Rule of thumb: Reserve 20% for generation. If tool results are large, summarize them before inserting into context.

Compaction Strategies¶

Summarize-and-Replace¶

Replace old conversation history with a compressed summary:

def compact(messages: list, keep_recent: int = 6) -> list:
    system = messages[0]
    recent = messages[-keep_recent:]
    old = messages[1:-keep_recent]

    if not old:
        return messages

    summary = llm.complete(f"""Summarize preserving:
    1. Key decisions made
    2. Important findings
    3. Failed approaches (DO NOT retry these)
    4. Current state of task
    History: {format_messages(old)}""")

    return [system,
            {"role": "system", "content": f"[Summary of earlier conversation]\n{summary}"},
            *recent]

State File + Context Reset¶

For long tasks, prefer full context reset over compaction.

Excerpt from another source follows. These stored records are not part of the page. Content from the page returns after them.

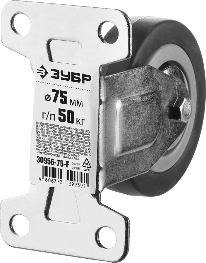 Колесо неповоротное ЗУБР 30956-75-F применяются для перемещения тележек и легковесного оборудования. Рекомендуется для полов с неровностями и препятствиями, а также для использования внутри помещений и на улице. Колесные опоры обеспечивают удобное перемещение тележек и контейнеров легкой и стандартной грузоподъемности, легковесного оборудования, строительных лесов и прочих конструкций. Благодаря износостойким материалам колесные опоры находят применение как в помещениях, так и вне их, легко преодолевают различные препятствия, не повреждают напольные покрытия. Могут использоваться в условиях повышенной влажности и слабых кислот. Не повреждают хрупкие напольные покрытия. Стальной штампованный диск обеспечивает повышенную прочность. Игольчатый подшипник обеспечивает легкость вращения колеса. Фиксированное положение крепежной платформы. Широкий диапазон рабочих температур. Цинковое покрытие надежно защищает изделие от коррозии.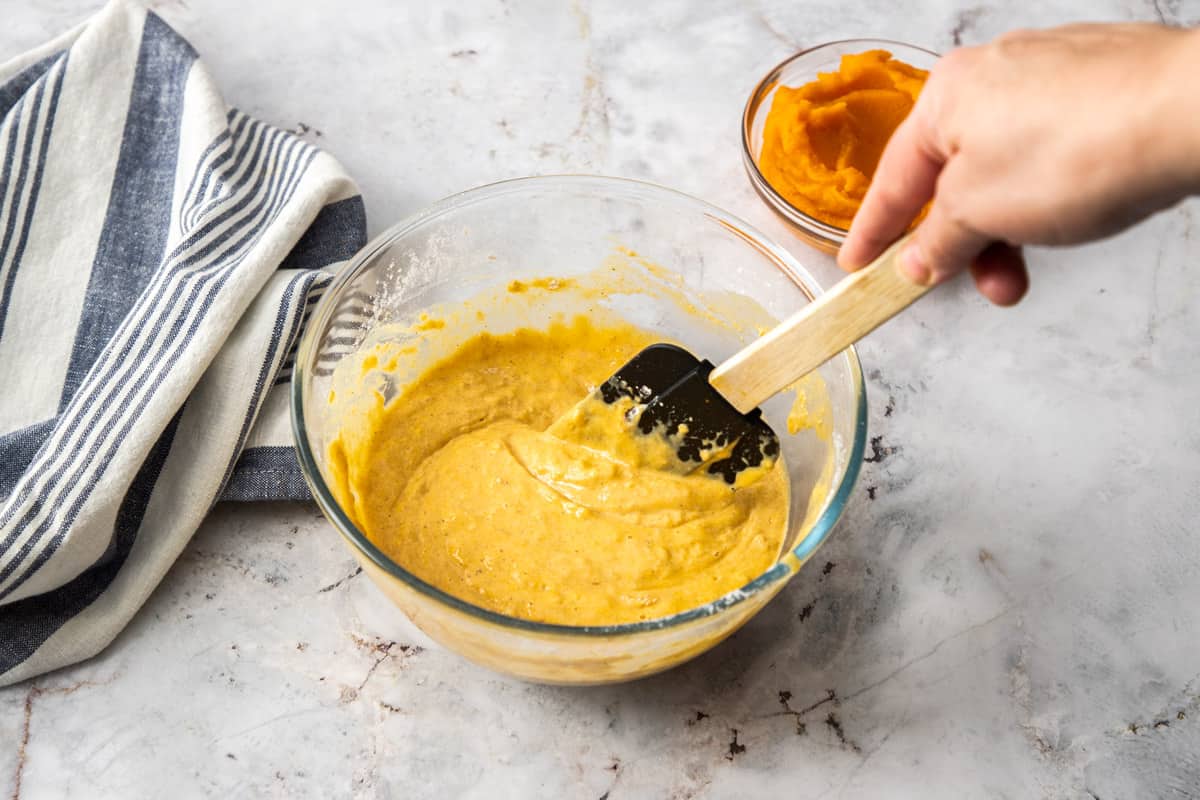- Whisk together the flour, sugar, baking powder, salt and spices in a medium bowl. Make sure to blot out any chunks of brown sugar. In a separate small bowl, combine the milk, pumpkin, egg and oil or butter. Stir into the dry ingredients and mix until just combined. The batter may still be lumpy.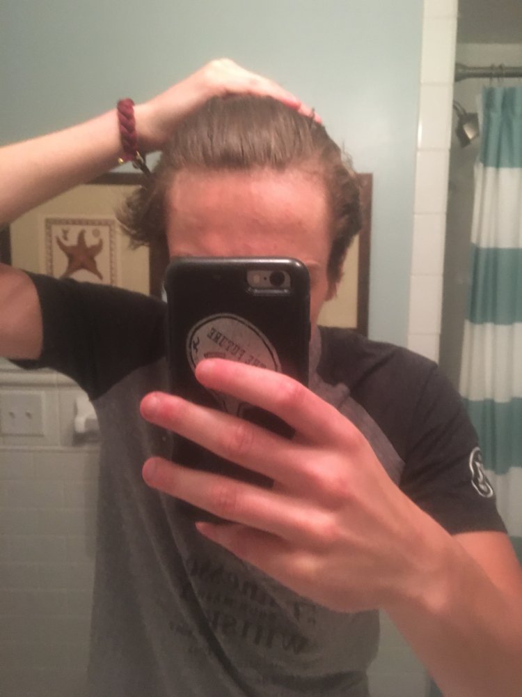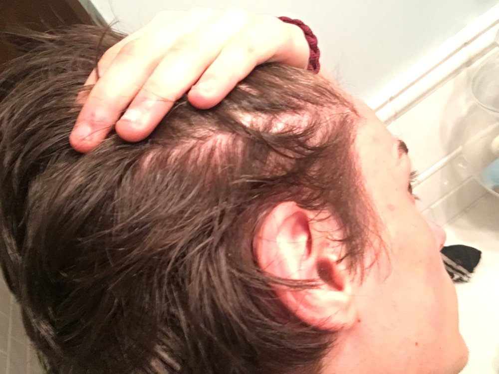 So a little backstory, I've always had some pretty thick hair, and also I've had a naturally higher hairline. The mole on my temple that you'll see in these pictures has been visible since I was about 15 (when I first got a short hair cut). Also, at around the age of 15, I started devoloping an issue with bulimia and anorexia, and had it all the way up until about 1 month ago. For the bulimia, I threw up multiple times a day, for about a full year. During my sophomore year I was about 5"9 and 100 pounds or so. Also combine that with a lot of drinking hard liquor, plus the shitty nutrition, and I feel like I'm a pretty likely candidate for religion effluvium. Just wanted some of your opinions on whether or not my hair was thin because of my recent past or because of male pattern baldness. My mom has some hair loss but that's due to an iron deficiency, my grandpa is about 70 and he has a NW3, or right about, and my dad is 45 and is at a NW2.5, but he also has a shitty diet and health habits. I have a very slight dip towards my temples, and thin hair, but my hair is the same thinness all over my head - the sides, the back, the crown - it's all the same width, it's just thin. So if anyone can tell me the likely hood that this is just caused by my ED's, or if it's actually likely to be male pattern baldness, please let me know! Thank you, also I am 18, and I had bulimia and anorexia for 3 years.

Write state to files, start fresh:

# Before reset
state = {
    "goal": "Migrate API from REST to GraphQL",
    "completed": ["schema design", "resolver stubs", "auth middleware"],
    "current": "pagination implementation",
    "findings": ["cursor pagination is 3x faster than offset for our dataset"],
    "failed": ["relay-style connections - too complex for our use case"],
    "blockers": []
}
save_json(".agent/state.json", state)

# After reset - agent reads state file, continues from where it left off
# No information loss from summarization

Context reset > compaction for tasks longer than ~30 minutes. Compaction preserves continuity but accumulates information loss. A fresh context with explicit state is cleaner.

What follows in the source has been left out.